Restate all data exactly. No images.

* [Dataset section]
+++++
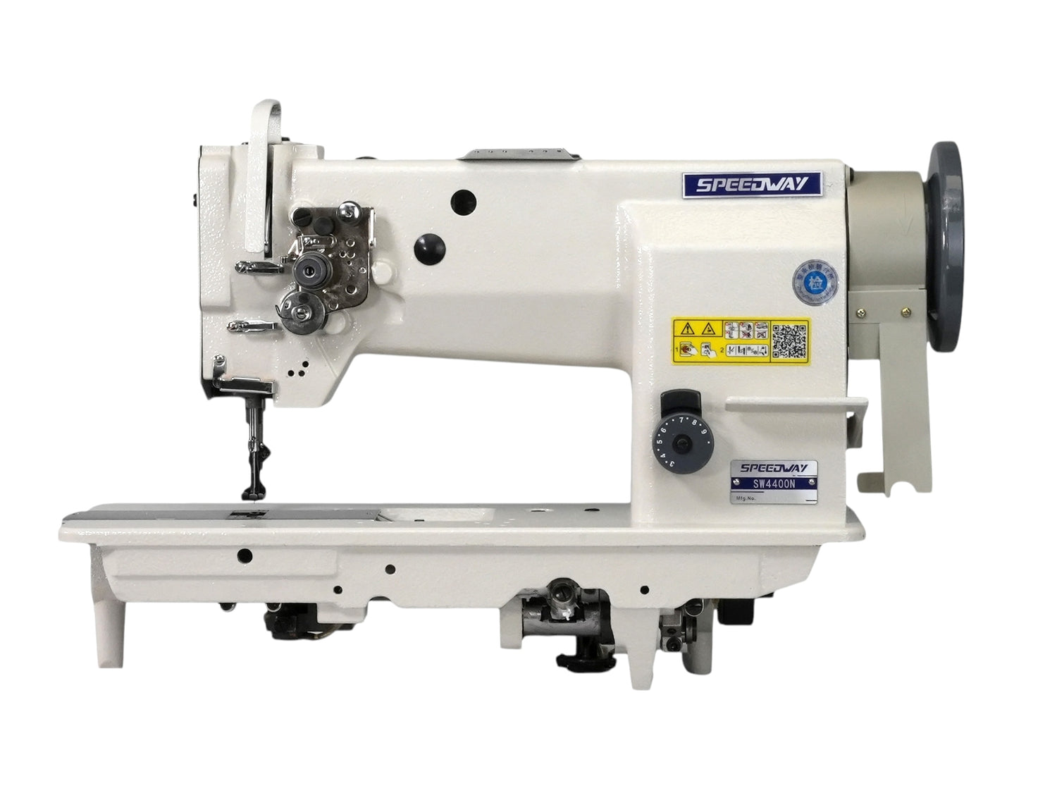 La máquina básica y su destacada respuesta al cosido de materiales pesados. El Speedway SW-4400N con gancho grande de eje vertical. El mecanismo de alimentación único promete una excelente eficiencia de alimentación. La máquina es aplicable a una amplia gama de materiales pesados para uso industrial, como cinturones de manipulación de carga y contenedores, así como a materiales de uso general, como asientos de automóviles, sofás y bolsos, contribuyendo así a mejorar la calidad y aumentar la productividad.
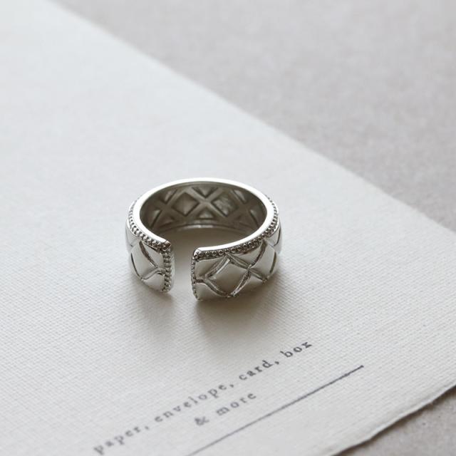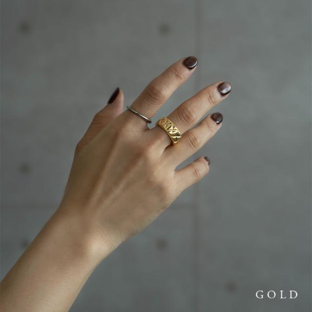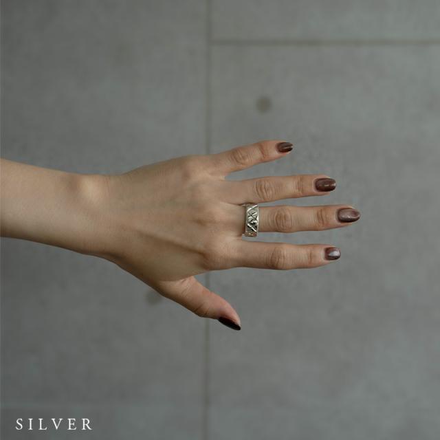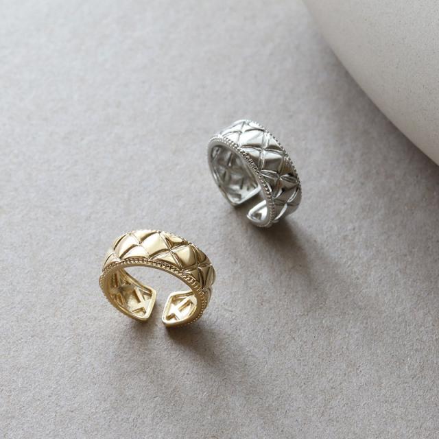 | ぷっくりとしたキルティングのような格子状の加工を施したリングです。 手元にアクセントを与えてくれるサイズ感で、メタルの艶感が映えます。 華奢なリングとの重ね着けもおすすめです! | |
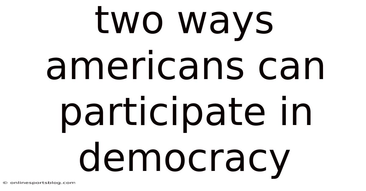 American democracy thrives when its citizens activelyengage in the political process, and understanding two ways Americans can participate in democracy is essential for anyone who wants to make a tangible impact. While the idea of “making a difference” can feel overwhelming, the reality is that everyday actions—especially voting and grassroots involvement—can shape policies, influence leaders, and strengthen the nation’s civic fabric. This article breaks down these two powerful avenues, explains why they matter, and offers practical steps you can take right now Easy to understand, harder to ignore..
+++++
* [Exercise answer]
 La máquina básica y su destacada respuesta al cosido de materiales pesados. El Speedway SW-4400N con gancho grande de eje vertical. El mecanismo de alimentación único promete una excelente eficiencia de alimentación. La máquina es aplicable a una amplia gama de materiales pesados para uso industrial, como cinturones de manipulación de carga y contenedores, así como a materiales de uso general, como asientos de automóviles, sofás y bolsos, contribuyendo así a mejorar la calidad y aumentar la productividad.
 | ぷっくりとしたキルティングのような格子状の加工を施したリングです。 手元にアクセントを与えてくれるサイズ感で、メタルの艶感が映えます。 華奢なリングとの重ね着けもおすすめです! | |
 American democracy thrives when its citizens activelyengage in the political process, and understanding two ways Americans can participate in democracy is essential for anyone who wants to make a tangible impact. While the idea of “making a difference” can feel overwhelming, the reality is that everyday actions—especially voting and grassroots involvement—can shape policies, influence leaders, and strengthen the nation’s civic fabric. This article breaks down these two powerful avenues, explains why they matter, and offers practical steps you can take right now Easy to understand, harder to ignore..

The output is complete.